WHAT TO PRODUCE.
Leave the pictures out, and transcribe the material below exactly from the line with "Manfinity EMRG Men's" to the line with "You are looking", both lines included.

*** TASK DATA ***

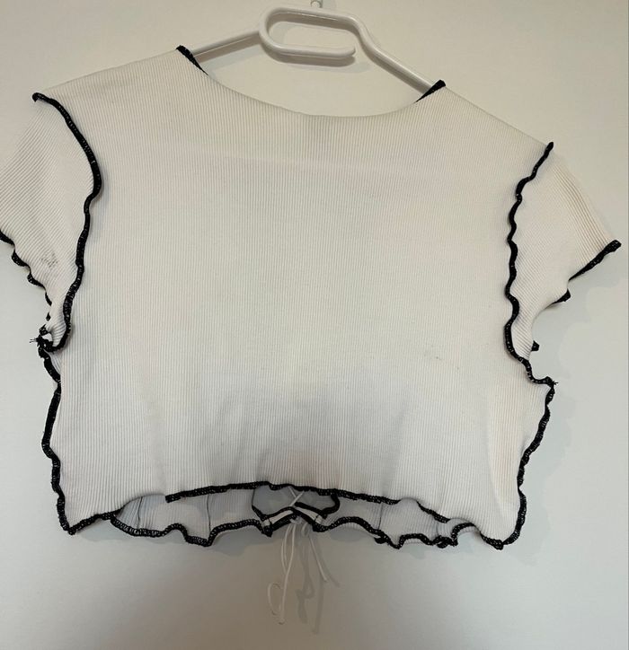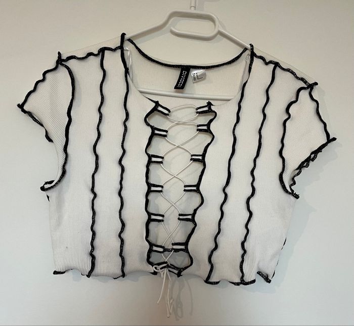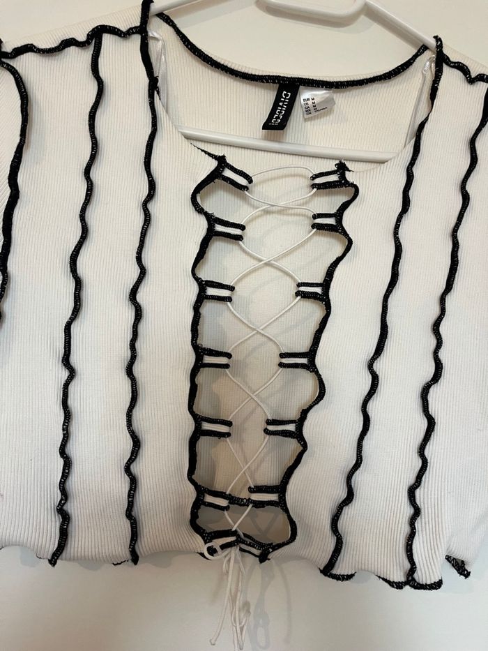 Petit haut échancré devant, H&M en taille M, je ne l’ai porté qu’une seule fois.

*** End of TASK DATA ***
*** TASK DATA ***

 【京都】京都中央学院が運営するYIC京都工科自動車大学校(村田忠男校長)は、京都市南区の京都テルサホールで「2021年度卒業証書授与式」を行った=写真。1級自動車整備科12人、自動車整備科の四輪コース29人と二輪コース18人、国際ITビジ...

*** End of TASK DATA ***
*** TASK DATA ***

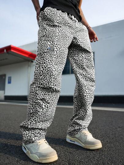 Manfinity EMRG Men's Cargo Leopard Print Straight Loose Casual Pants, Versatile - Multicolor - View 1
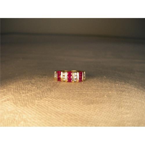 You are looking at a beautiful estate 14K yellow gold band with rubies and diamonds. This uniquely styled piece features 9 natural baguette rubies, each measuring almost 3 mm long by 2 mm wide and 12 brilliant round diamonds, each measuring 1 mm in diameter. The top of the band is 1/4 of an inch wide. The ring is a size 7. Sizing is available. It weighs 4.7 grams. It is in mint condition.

*** End of TASK DATA ***

RESULT FOR THIS TASK.
 Manfinity EMRG Men's Cargo Leopard Print Straight Loose Casual Pants, Versatile - Multicolor - View 1
 You are looking at a beautiful estate 14K yellow gold band with rubies and diamonds. This uniquely styled piece features 9 natural baguette rubies, each measuring almost 3 mm long by 2 mm wide and 12 brilliant round diamonds, each measuring 1 mm in diameter. The top of the band is 1/4 of an inch wide. The ring is a size 7. Sizing is available. It weighs 4.7 grams. It is in mint condition.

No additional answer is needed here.